▶ [YOUR ASSIGNMENT] Make an exact copy, without pictures, of the lines below from the one containing "In STEP2, we" to the last line, both ends included.

▶ [DATA PROVIDED]
┄┄┄┄┄┄

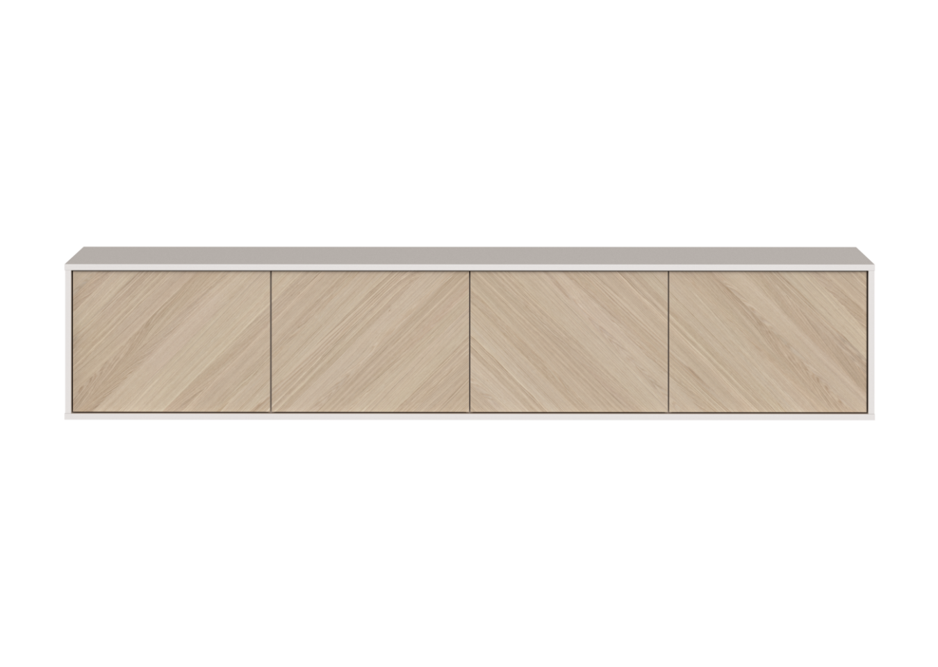 Тумба Fjord 4 двери подвесная Высота: 39,8 см Ширина: 206,4 см Глубина: 40,5 см Каркас: массива бука Корпус: МДФ под эмалью Фасады: тонированный шпон дуба
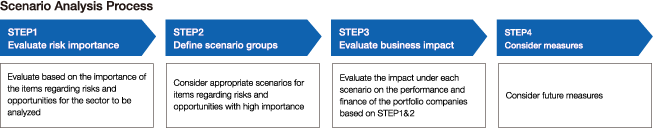 In STEP2, we assume specific situations under the 2℃ scenario and 4℃ scenario (*) for items of risks and opportunities with high importance by key sector identified in STEP1. In STEP3, we qualitatively evaluate their impact on the performance and finance of the portfolio companies.
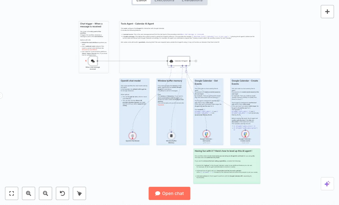 A chat trigger starts the flow when a message arrives. An AI agent powered by an OpenAI chat model understands your intent and keeps the last five messages as context. When you ask to list or create events, the agent calls two Google Calendar tools. It only runs a tool when it has a start and end date. If dates are missing, it asks follow up questions. Before creating an event, it confirms the title and description. Dates, times, and text are passed with AI variables to fill the calendar fields.

┄┄┄┄┄┄

▶ [OUTPUT FOR THIS EXERCISE]
 In STEP2, we assume specific situations under the 2℃ scenario and 4℃ scenario (*) for items of risks and opportunities with high importance by key sector identified in STEP1. In STEP3, we qualitatively evaluate their impact on the performance and finance of the portfolio companies.
 A chat trigger starts the flow when a message arrives. An AI agent powered by an OpenAI chat model understands your intent and keeps the last five messages as context. When you ask to list or create events, the agent calls two Google Calendar tools. It only runs a tool when it has a start and end date. If dates are missing, it asks follow up questions. Before creating an event, it confirms the title and description. Dates, times, and text are passed with AI variables to fill the calendar fields.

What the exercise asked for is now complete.